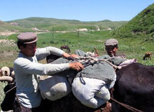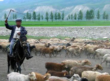 夏に入り、新疆ウイグル自治區は放牧地移動の時期を迎えている。草原の緑が茂るのに合わせ、生活必需品を攜えた多數の遊牧民が、馬、牛、羊を操りながら、春の放牧地から夏の放牧地へ移動し、テントを設置する。悠々とした遊牧民と家畜の行進は、草原獨特の風物詩だ。
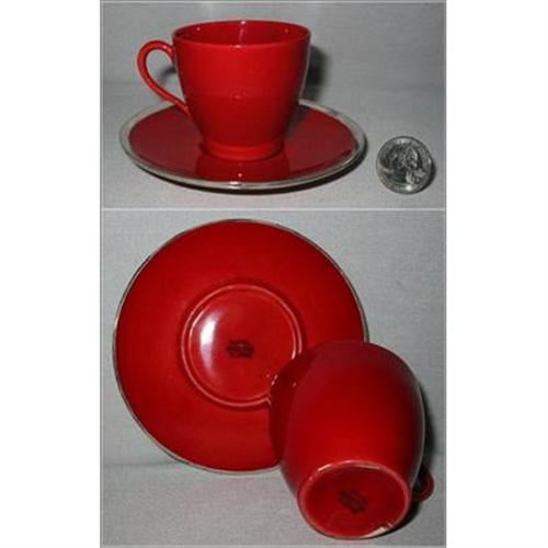 Royal Doulton Flambe demitasse cup and saucer. Cup measures 2 1/4 inches tall and 2 1/2 inch across. Saucer measures 4 1/2 inch across. Saucer has sterling rim cap. Sterling has London hallmarks, a date code of c. 1910 and a silversmith's mark "G.S. & Sons". Both cup and saucer are marked ROYAL DOULTON FLAMBE. Excellent condition - no chips, cracks nor repairs.
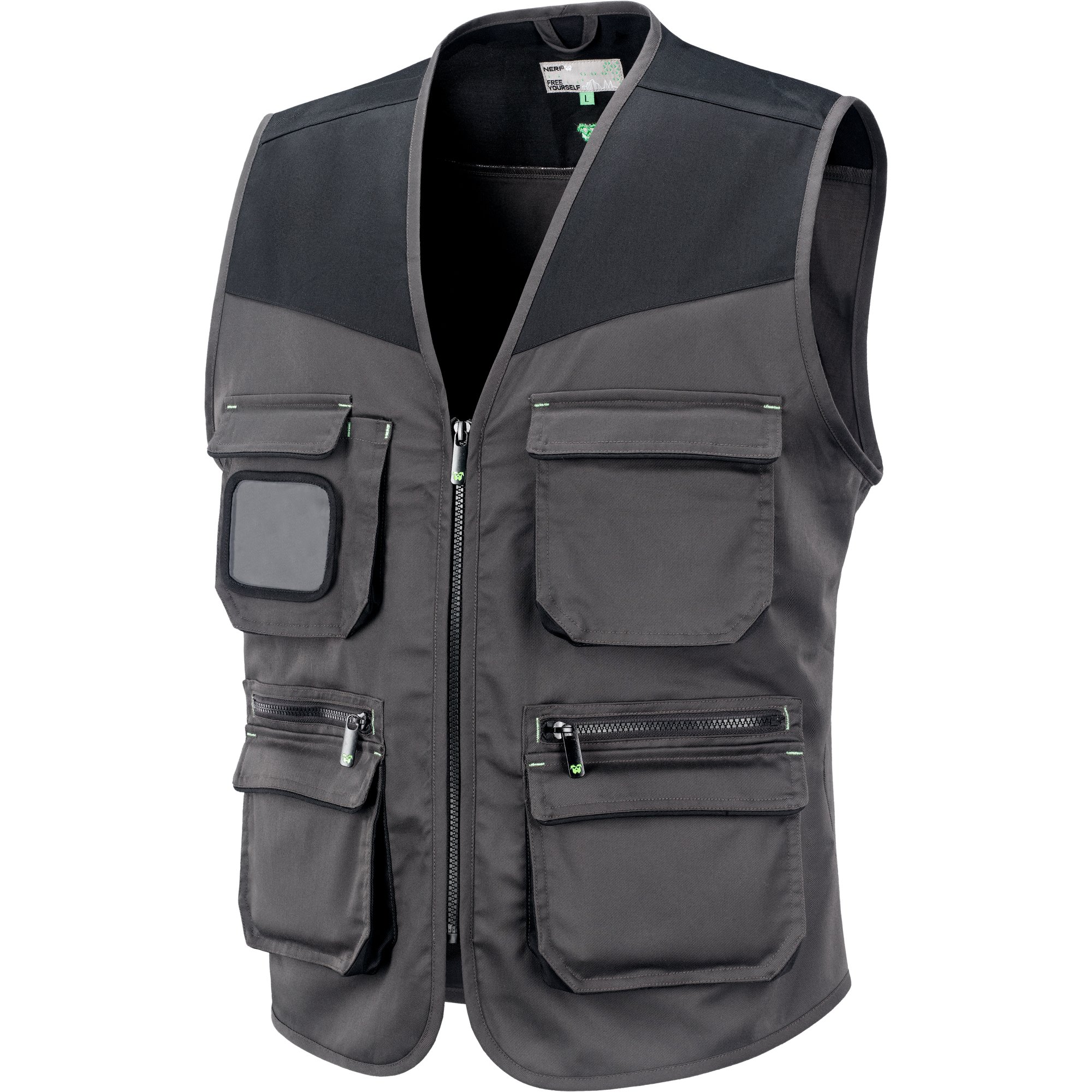 Specifiche Peso tessuto 220 g/m2 dettagli verdi a contrasto sulle tasche Tessuto nero a contrasto nelle spalle, nei soffietti e nel carré 2 tasche aperte in vita, una con patta e chiusura a strappo, una con zip 2 tasche frontali al pet ... (Segue)

• _Work request_: Transcribe everything above exactly. Do not include the pictures.

• _Your solution_:
 夏に入り、新疆ウイグル自治區は放牧地移動の時期を迎えている。草原の緑が茂るのに合わせ、生活必需品を攜えた多數の遊牧民が、馬、牛、羊を操りながら、春の放牧地から夏の放牧地へ移動し、テントを設置する。悠々とした遊牧民と家畜の行進は、草原獨特の風物詩だ。
 Royal Doulton Flambe demitasse cup and saucer. Cup measures 2 1/4 inches tall and 2 1/2 inch across. Saucer measures 4 1/2 inch across. Saucer has sterling rim cap. Sterling has London hallmarks, a date code of c. 1910 and a silversmith's mark "G.S. & Sons". Both cup and saucer are marked ROYAL DOULTON FLAMBE. Excellent condition - no chips, cracks nor repairs.
 Specifiche Peso tessuto 220 g/m2 dettagli verdi a contrasto sulle tasche Tessuto nero a contrasto nelle spalle, nei soffietti e nel carré 2 tasche aperte in vita, una con patta e chiusura a strappo, una con zip 2 tasche frontali al pet ... (Segue)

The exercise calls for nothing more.